Bledlow is a conservation village and thus retains much of its original pattern. It now includes the hamlets of Skittle Green, Forty Green, Holly Green and Pitch Green all of which lie north of the busy B4009, the Lower Icknield Way.
Though the origins of the village can be traced to the 10th century, there is clear evidence of earlier occupation. Close to the Upper Icknield Way is a Bronze Age barrow known locally as 'The Cop' which was excavated in 1938. One mile south of the village is Bledlow Cross, carved out of the Chiltern Ridge by the Anglo-Saxons and, with its neighbour Whiteleaf Cross, are the only turf-cut crosses in the country.
After the Norman Conquest, William I granted the Manor of Bledlow to his half-brother Robert, who held it in 1086. In the reign of Henry VI it was granted to Eton College but in 1650 James Blanck became owner and he built the original Manor House. Records show that the present Manor was sold in 1801 to Lord Carrington whose successor holds it at the present day.

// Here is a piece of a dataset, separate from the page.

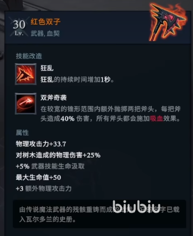 此武器会让“狂乱”的持续时间增加1秒。也会升级双“双斧奇袭”技能,在较宽的锥形范围内额外抛掷两把斧头,每把斧头造成40%伤害,所有斧头都会施加吸血效果。等于说增加了技能的吸血特性,另外面板上也增加了5%的生命汲取,你可以通过这些特性持续的治疗自己。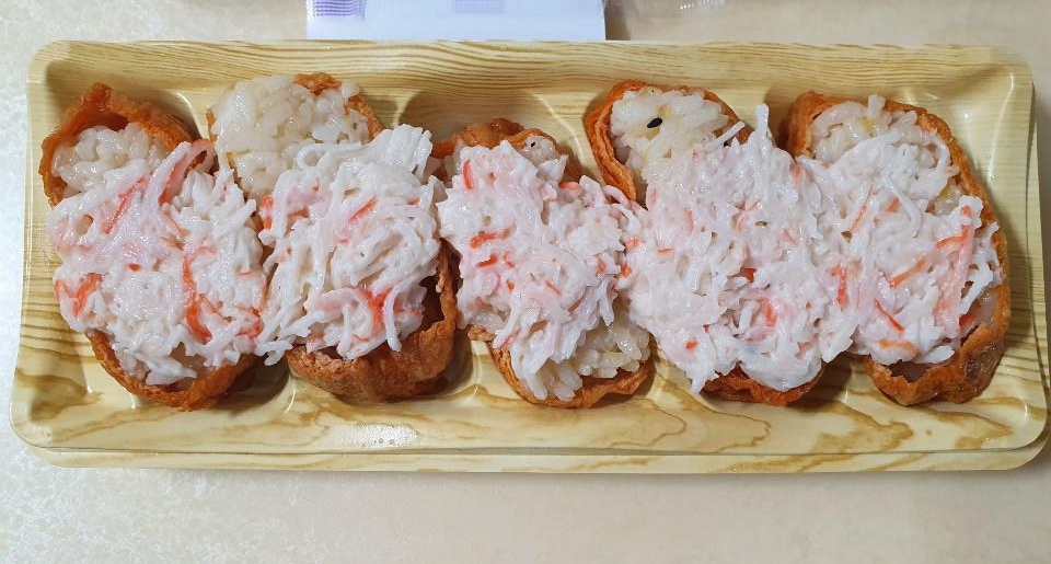 먹어보니 유부초밥이 간도 잘되어져 있는 것 같고 크래미랑 마요네즈가 잘 섞여 식감도 괜찮았어요.

The Wesleyan Methodist Chapel in Chapel Lane was built in 1869. In 1913 a schoolroom was added on reclaimed marshland where older residents of Bledlow can recall skating on frozen water. The Chapel provides the village with its Sunday School attended by many young children in the schoolroom.
The main Village School was built in 1868 and celebrated its centenary before closure in 1973 and subsequent demolition in 1984. Miss E. M. Folley had almost 52 years association with the school as both pupil and teacher. Present primary children must travel some 2 miles to Longwick. Five new flint and brick houses now stand on the site of the old school.

Bledlow has many listed buildings. The 16th century timber framed houses built near the church show the decorative Elizabethan brick herringboning but 'The Cottage' in West Lane is reputed to be the oldest house in the village of ancient cruck construction. It was once 2 cottages, the older of which is some 600 years old.

Now, although the old names of Heybourn, Gomme and Tappin are still here, most residents are commuters either to London, High Wycombe or Aylesbury. Like many villages it has become a haven, of rural living rather than a bustling village where people once were born, lived, worked and died; where the village was a self-sufficient entity within its own community.